I looked into the about:net-internals page and this is the chunk of
the XHR request part:

http://felix-halim.net/net-internals.txt

It seemed that the bottleneck is between these two lines, which takes
near 14 seconds (the dt=13991):

t=1282623706059 [st=    2]           HTTP_STREAM_PARSER_READ_HEADERS  [dt=13991]
t=1282623720050 [st=13993]           HTTP_TRANSACTION_READ_RESPONSE_HEADERS



By quick refreshing, those two lines becomes:

t=1282624401369 [st=   1]           HTTP_STREAM_PARSER_READ_HEADERS  [dt= 375]
t=1282624401744 [st= 376]           HTTP_TRANSACTION_READ_RESPONSE_HEADERS

Here is the dump on the quick refresh:

http://felix-halim.net/net-internals-quick-refresh.txt


Any clue what those lines actually doing?
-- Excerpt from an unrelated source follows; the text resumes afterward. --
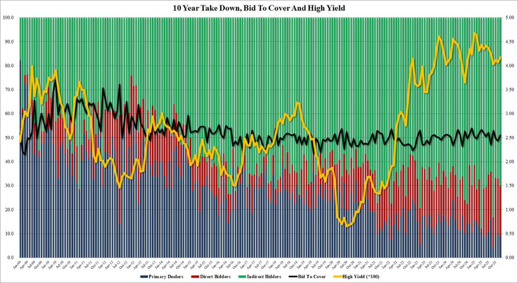 (2009–2025年美國10年期國債拍賣結構與需圖,柱狀圖為三類買家認購佔比,黑線為投標認購倍數,黃線為最高中標利率)

You are correct, it looks like all of those 14 seconds are being spent in:
    HTTP_STREAM_PARSER_READ_HEADERS

This stage is basically waiting for bytes to be received through the socket, and completes once the end of headers is found (or the socket is closed, whichever comes first).

There are some parts to the log which you haven't included, namely the SOCKET log for the request, and the CONNECT_JOB logs. These will have some other interesting data:

If you look at the SOCKET_POOL_BOUND_TO_SOCKET event, it shows the "id" of the socket which that request was carried out on. Look this up in the log to see the events emitted for that particular socket. A couple things to look for in the socket's log: was the connection made to the same IP address in both cases? (unlikely but worth checking) Also check the pattern of reads/writes on the socket -- did the server return any data quickly? (could be that some bytes of the headers were received quickly, but then it took many seconds to receive the final set. The log will show the byte-count for each group that was received).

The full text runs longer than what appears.